> _Work item_
The data below should be retyped exactly, with the pictures left out.

────────

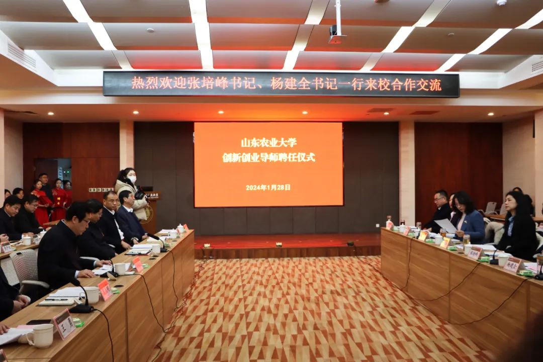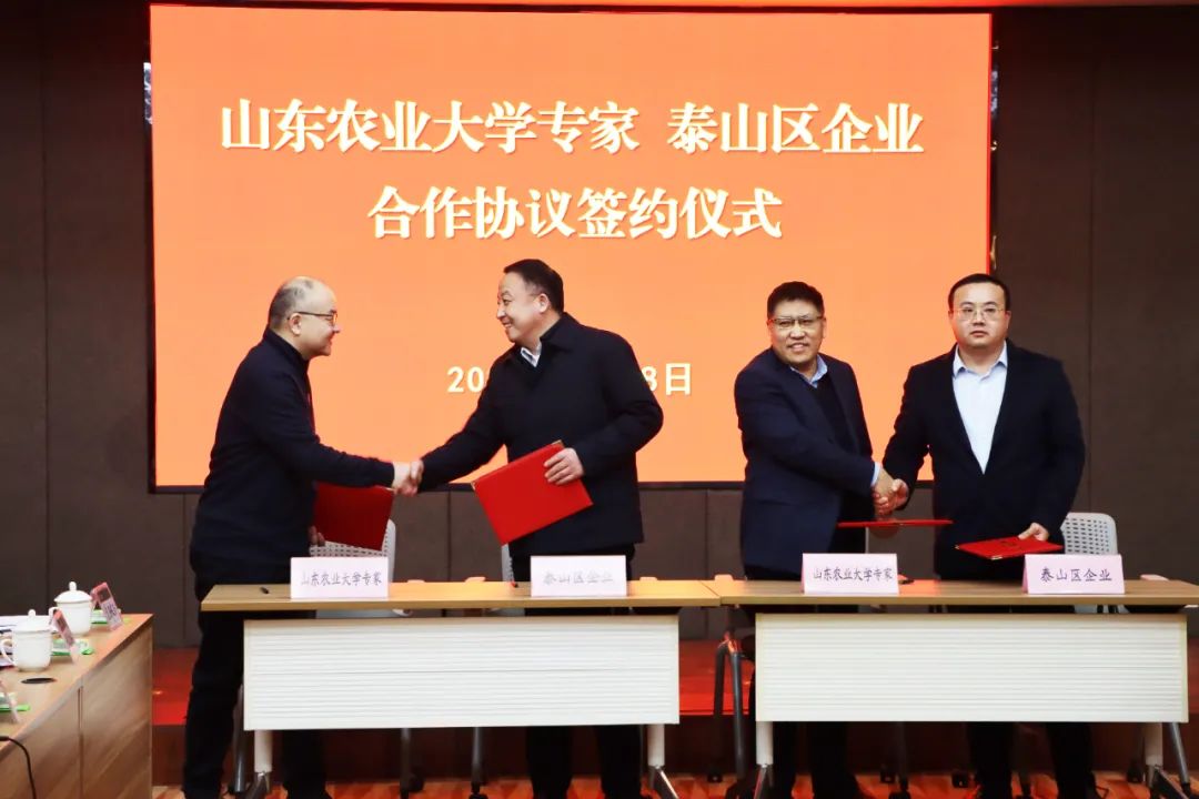會上,泰山區與學校簽訂校地戰略合作框架協議、泰山區有關企業與學校相關專家簽訂合作協議,并由山東農業大學為泰山區五位企業家頒發創新創業導師聘書。健源生物董事長王誠被聘請為山東農業大學創新創業導師。
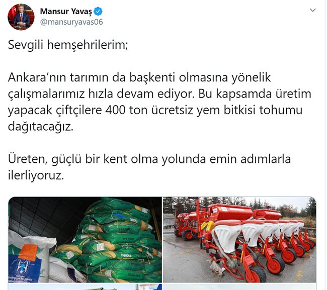 Yavaş mesajında şu ifadelere yer verdi: “Sevgili hemşehrilerim; Ankara'nın tarımın da başkenti olmasına yönelik çalışmalarımız hızla devam ediyor. Bu kapsamda üretim yapacak çiftçilere 400 ton ücretsiz yem bitkisi tohumu dağıtacağız. Üreten, güçlü bir kent olma yolunda emin adımlarla ilerliyoruz.”
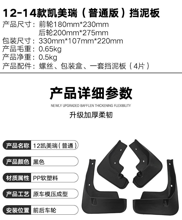 - Durable PP Soft Plastic: Constructed from high-quality PP soft plastic, these mud flaps offer excellent flexibility, impact resistance, and durability against harsh road conditions and debris.
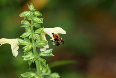 キバナアキギリの蜜を吸うため花に潜り込むトラマルハナバチ
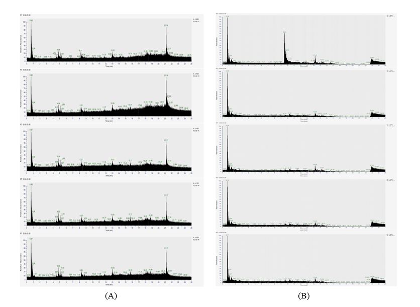 Figure 2 (A) Total-ion chromatograms (0 - 25 min) of Palembang pempek extracts for replicates P1 - P5; (B) Total-ion chromatograms (0 - 25 min) of Jambi pempek extracts for replicates J1 - J5.
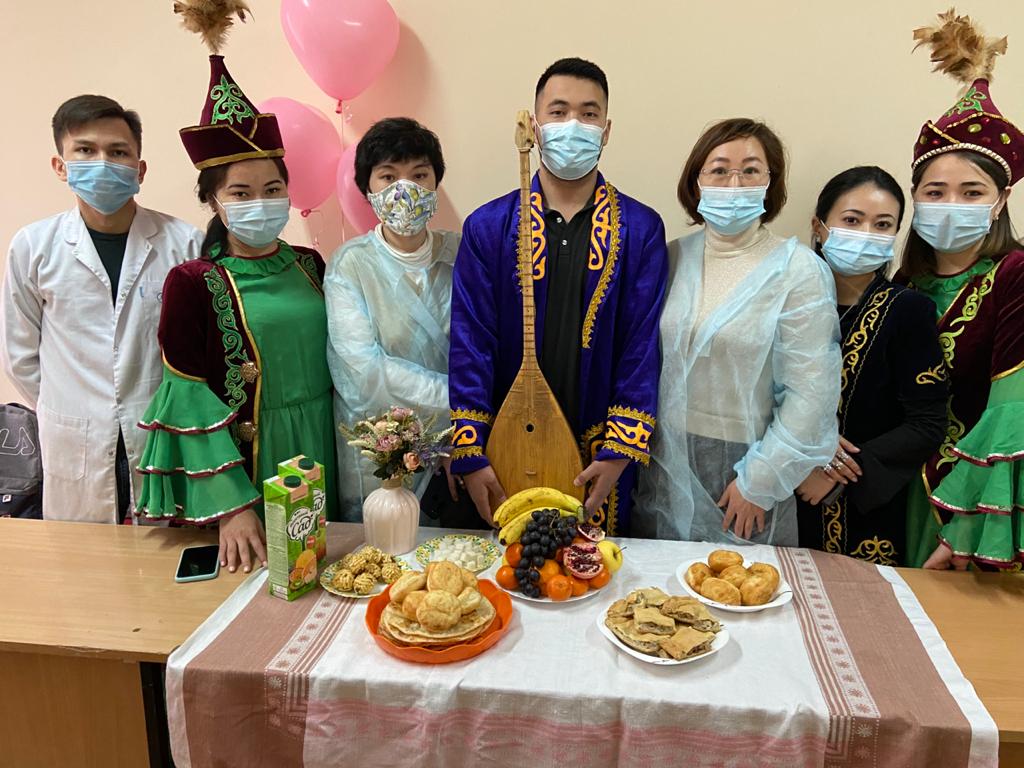 On March 25, 2021, within the framework of the nationwide project “Marathon of Good Deeds”, timed to coincide with the celebration of the 30th anniversary of the Independence of the Republic of Kazakhstan, employees of the Kazakh National University named after S.D. Asfendiyarov Department of General Medical Practice No. 2 Professor Maksutova D.Zh., Zhukembaeva A.M. ., together with interns on the basis of the CGP on the REM, polyclinic No. 5 held “Nauryz” together with ethno-cultural associations.
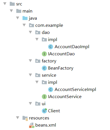 <bean id="accountService" class="com.example.service.impl.AccountServiceImpl"></bean>
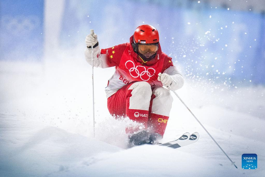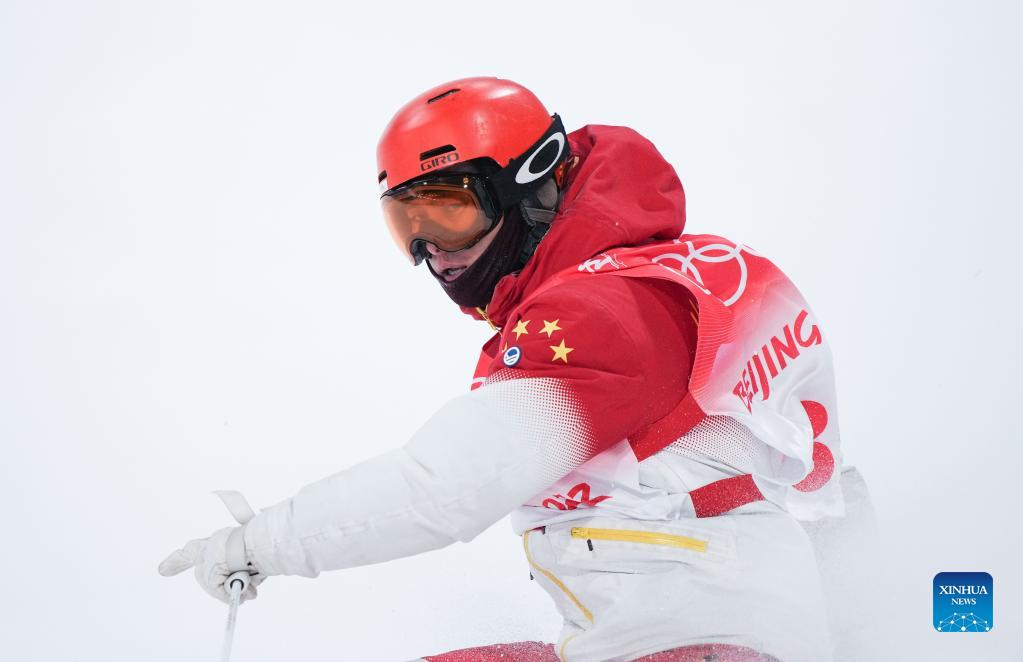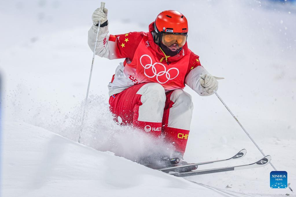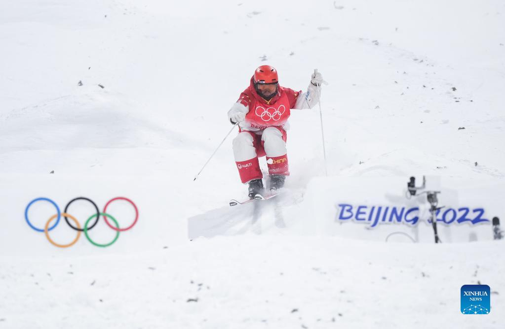 China's Zhao Yang competes in the men's moguls qualification during the Beijing 2022 Winter Olympic Games at the Genting Snow Park in Zhangjiakou, north China's Hebei Province, Feb. 3, 2022. (Xinhua/Xiao Yijiu)
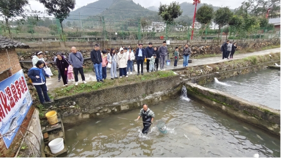 活动结束前,队伍前往南化塘特色泉水鱼养殖场进行参观学习。这里依托优质的山泉资源,成功发展了特色温泉罗非鱼养殖产业,成为当地乡村振兴的生动范例。教职工们饶有兴致地观摩了养殖环境,了解了科学养殖模式,并纷纷选购鲜活肥美的罗非鱼,以实际行动支持当地特色农业发展。这一幕,让大家亲眼见证了“绿水青山”向“金山银山”转化的实践路径,对乡村振兴战略的宏伟蓝图有了更直观、更深刻地感受。
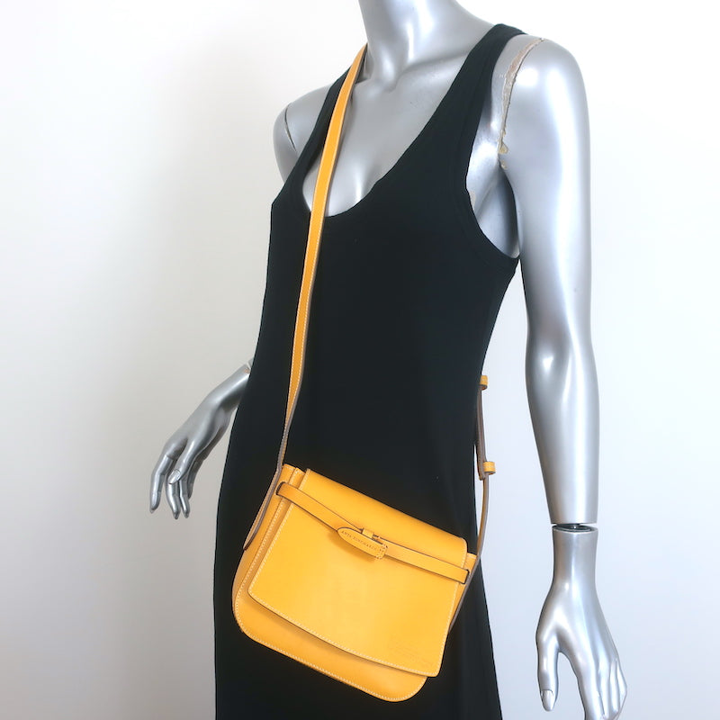 This pre-owned piece is crafted in smooth yellow leather with a classic flap closure and a streamlined crossbody silhouette — a small, wearable size that carries essentials without bulk. The bag shows light, carefully inspected wear: carried once, overall great condition, with a tiny gray speck on the base and small scuffs on the underside of the flap. It arrives with its dustbag for storage and protection.
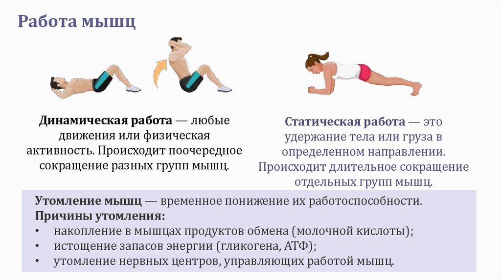 • накопление в мышцах продуктов обмена (молочной кислоты);
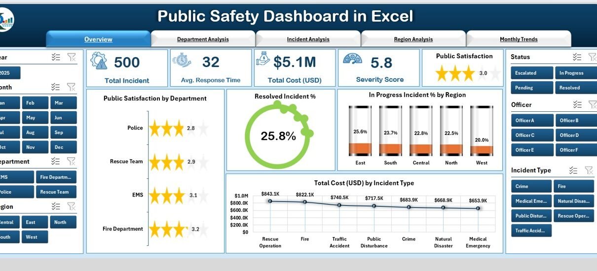 A Public Safety Dashboard in Excel is a pre-built analytical tool designed to help public safety organizations track and analyze incidents across departments, regions, and time periods.
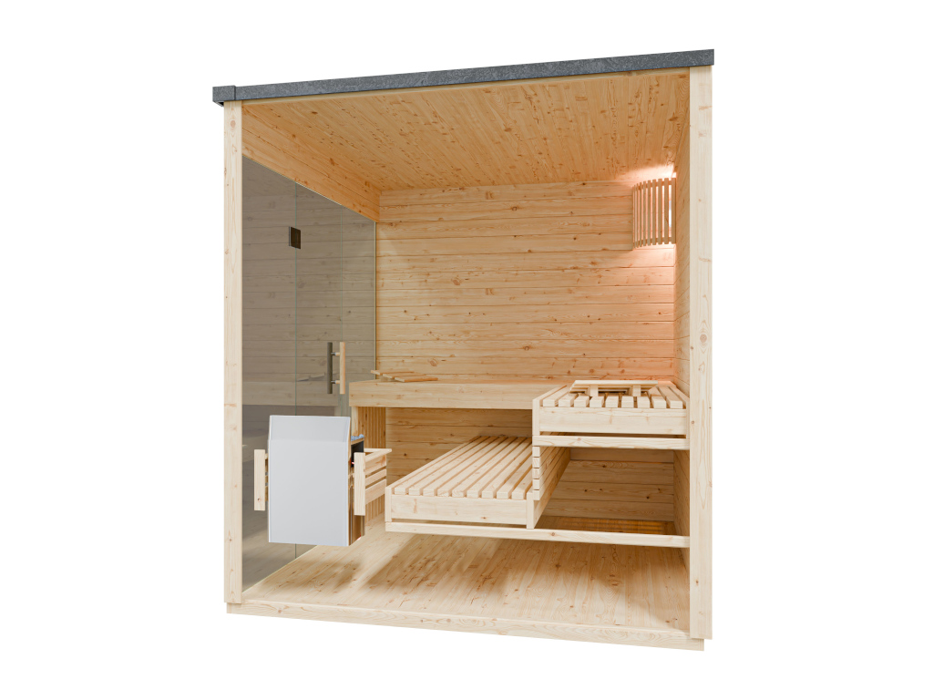 3 ligbanken, 2 hoofdsteunen, kachelbeschermrooster, 1 saunalamp, dakleer

────────

> _Answer section_
會上,泰山區與學校簽訂校地戰略合作框架協議、泰山區有關企業與學校相關專家簽訂合作協議,并由山東農業大學為泰山區五位企業家頒發創新創業導師聘書。健源生物董事長王誠被聘請為山東農業大學創新創業導師。
 Yavaş mesajında şu ifadelere yer verdi: “Sevgili hemşehrilerim; Ankara'nın tarımın da başkenti olmasına yönelik çalışmalarımız hızla devam ediyor. Bu kapsamda üretim yapacak çiftçilere 400 ton ücretsiz yem bitkisi tohumu dağıtacağız. Üreten, güçlü bir kent olma yolunda emin adımlarla ilerliyoruz.”
 - Durable PP Soft Plastic: Constructed from high-quality PP soft plastic, these mud flaps offer excellent flexibility, impact resistance, and durability against harsh road conditions and debris.
 キバナアキギリの蜜を吸うため花に潜り込むトラマルハナバチ
 Figure 2 (A) Total-ion chromatograms (0 - 25 min) of Palembang pempek extracts for replicates P1 - P5; (B) Total-ion chromatograms (0 - 25 min) of Jambi pempek extracts for replicates J1 - J5.
 On March 25, 2021, within the framework of the nationwide project “Marathon of Good Deeds”, timed to coincide with the celebration of the 30th anniversary of the Independence of the Republic of Kazakhstan, employees of the Kazakh National University named after S.D. Asfendiyarov Department of General Medical Practice No. 2 Professor Maksutova D.Zh., Zhukembaeva A.M. ., together with interns on the basis of the CGP on the REM, polyclinic No. 5 held “Nauryz” together with ethno-cultural associations.
 <bean id="accountService" class="com.example.service.impl.AccountServiceImpl"></bean>
 China's Zhao Yang competes in the men's moguls qualification during the Beijing 2022 Winter Olympic Games at the Genting Snow Park in Zhangjiakou, north China's Hebei Province, Feb. 3, 2022. (Xinhua/Xiao Yijiu)
 活动结束前,队伍前往南化塘特色泉水鱼养殖场进行参观学习。这里依托优质的山泉资源,成功发展了特色温泉罗非鱼养殖产业,成为当地乡村振兴的生动范例。教职工们饶有兴致地观摩了养殖环境,了解了科学养殖模式,并纷纷选购鲜活肥美的罗非鱼,以实际行动支持当地特色农业发展。这一幕,让大家亲眼见证了“绿水青山”向“金山银山”转化的实践路径,对乡村振兴战略的宏伟蓝图有了更直观、更深刻地感受。
 This pre-owned piece is crafted in smooth yellow leather with a classic flap closure and a streamlined crossbody silhouette — a small, wearable size that carries essentials without bulk. The bag shows light, carefully inspected wear: carried once, overall great condition, with a tiny gray speck on the base and small scuffs on the underside of the flap. It arrives with its dustbag for storage and protection.
 • накопление в мышцах продуктов обмена (молочной кислоты);
 A Public Safety Dashboard in Excel is a pre-built analytical tool designed to help public safety organizations track and analyze incidents across departments, regions, and time periods.
 3 ligbanken, 2 hoofdsteunen, kachelbeschermrooster, 1 saunalamp, dakleer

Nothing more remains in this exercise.